Researchers use YOLOv11 on vibration spectrograms to detect bearing faults with 99.5% mAP
Computer vision meets industrial fault detection – YOLO models now analyze time-frequency images with near-perfect accuracy.
A team led by Po-Heng Chou has published a new method for bearing fault monitoring that treats vibration signals as images for object detection. The framework first applies continuous wavelet transform (CWT) to convert raw vibration data into spectrograms, improving the visibility of weak, non-stationary fault signatures. Then, YOLOv9, YOLOv10, and YOLOv11 are used to detect and identify localized fault-related energy regions in the time-frequency domain. Experiments on three benchmark datasets (CWRU, PU, IMS) show the approach achieves mean average precision (mAP) of 99.4%, 97.8%, and 99.5% respectively, outperforming conventional time-series models, modern vision backbones, and STFT-based representations.

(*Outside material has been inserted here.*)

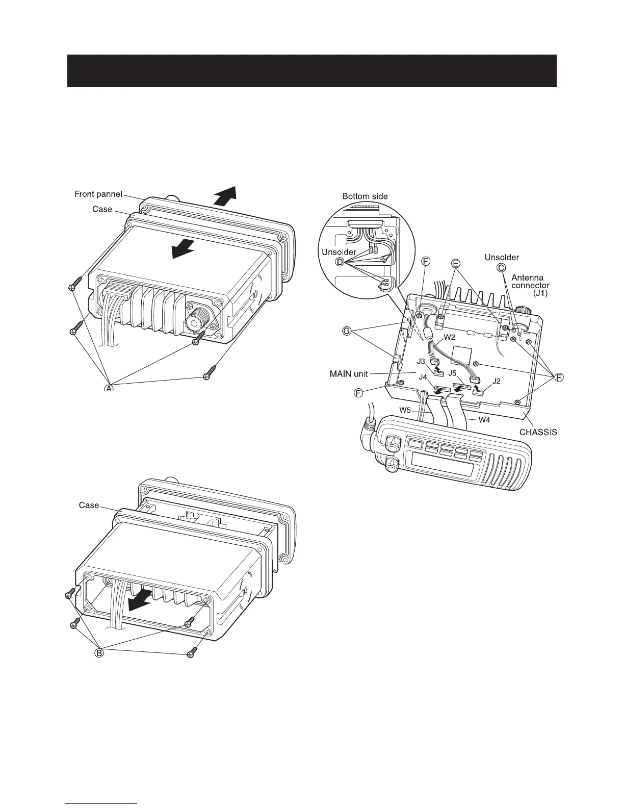 5 Unscrew 2 screws, E, and 6 screws, F, and 2 clips G

Beyond raw accuracy, the localized region detection framework offers a more interpretable relationship between time-frequency energy distributions and characteristic bearing fault frequencies. This makes it particularly suitable for real-world industrial settings where noise and signal variability often challenge traditional methods. The work was submitted to IEEE Sensors Letters and is available on arXiv (2509.03070). By applying computer vision techniques to classical signal processing problems, the researchers demonstrate a generalizable approach that could extend to other predictive maintenance applications, such as gearbox or motor monitoring.
- Framework converts vibration signals to CWT spectrograms, then uses YOLOv9/10/11 to detect fault-related energy regions in time-frequency domain.
- Achieves 99.5% mAP on IMS dataset and 99.4% on CWRU, outperforming STFT-based and conventional time-series baselines.
- Provides interpretable links between detected regions and characteristic bearing fault frequencies, aiding diagnostics in noisy industrial environments.
Why It Matters
Enables more accurate, interpretable predictive maintenance for industrial machinery using off-the-shelf object detection models.